When I was in University I smoked when we went out drinking (just bummed them off of friends), which led to me buying my own packs for the bar, which eventually led to smoking when I wasn’t drinking. Once I realized that it was getting that bad I quit cold turkey.

I think that part of beating the addiction is breaking away from the habits of when (and where) you like to enjoy your cigarettes the most. Once Alberta banned smoking in the bars and restaurants I stopped craving them there too.

I also worked in an industry where everyone smoked on their breaks, so it was easy to fall into the habit with them. When I left that job to more of an office job, again it became easier.

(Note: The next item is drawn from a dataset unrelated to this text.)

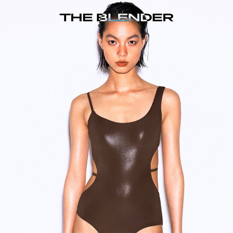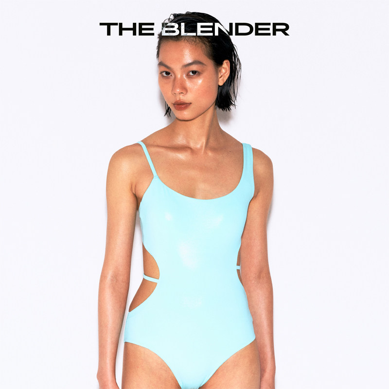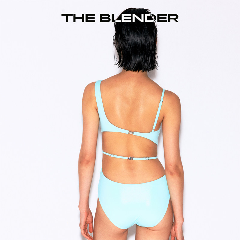 【新品】The Blender海边度假带胸垫露背不对称连体三角泳衣女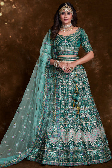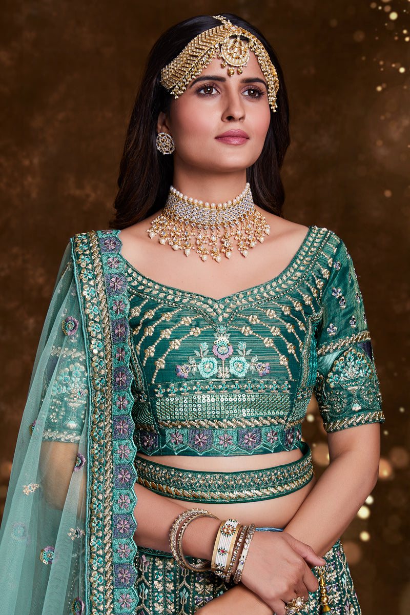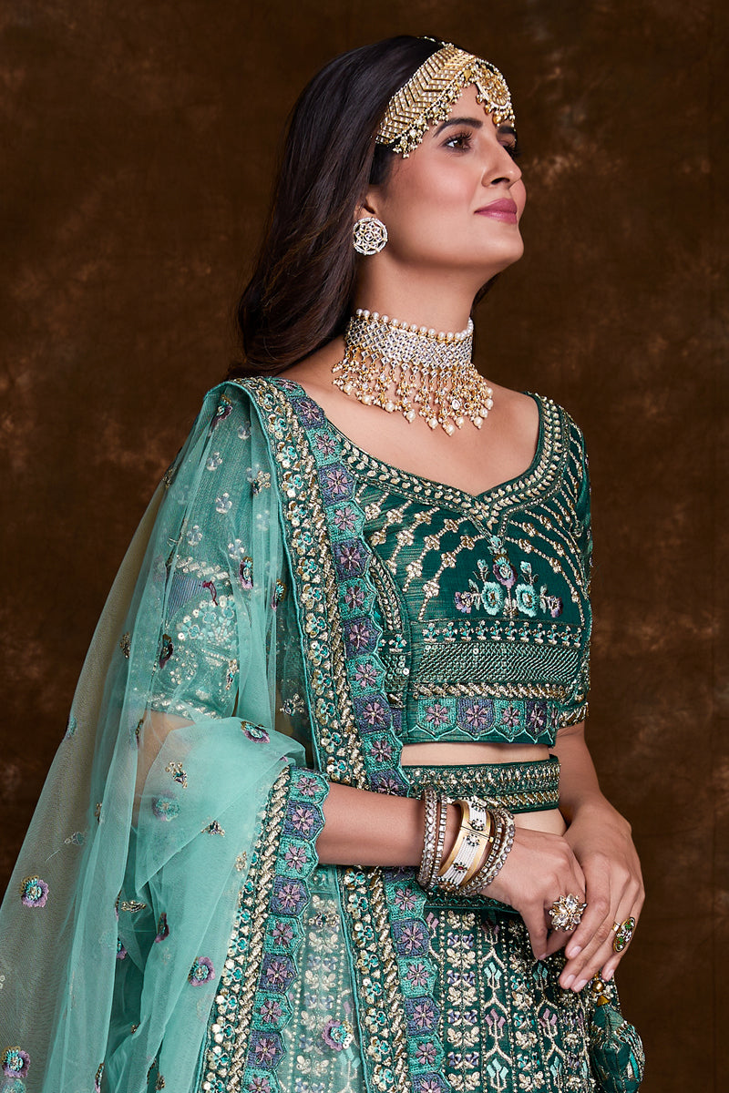 Art Silk Sangeet Wear Lehenga With Embroidery Work In Teal

As a single income family now I could never justify the cost of buying cigarettes. And with a young daughter I wouldn’t even want to pick her up knowing that I reeked of smoke.

young says:

@Echo- That’s really good that you had the insight and self reflection ability to stop and think about how bad your smoking habit/casual smoking was getting! That takes a lot of guts and self discipline…BC banned smoking in the bars and restaurants, too…it is such a breath of fresh air. Now when I travel to different parts of the world, I am not accustomed to the smoky bars and clubs and restaurants! We are so lucky in Canada 🙂

Boyfriend used to smoke with colleagues on break, but then the past two jobs, no one knows that he smokes. I think that when you do have colleagues or classmates (if one is in school) who smoke, it’s much harder to quit because your’e surrounded by people who smoke and also you associate the smoking with social situations and acceptance.

andy says:

Its not easy,trust me .It hard than said so,need all help to cured the smoke habits

Thanks goodness I never took up smoking. I think I had two cigarettes when I was young and that was it. 🙂
Never got into it. Such a bad/expensive habit.

young says:

@retirebyforty- Definitely very lucky! I think it’s important not to get into it when you’re young, because that’s the easiest time to get hooked!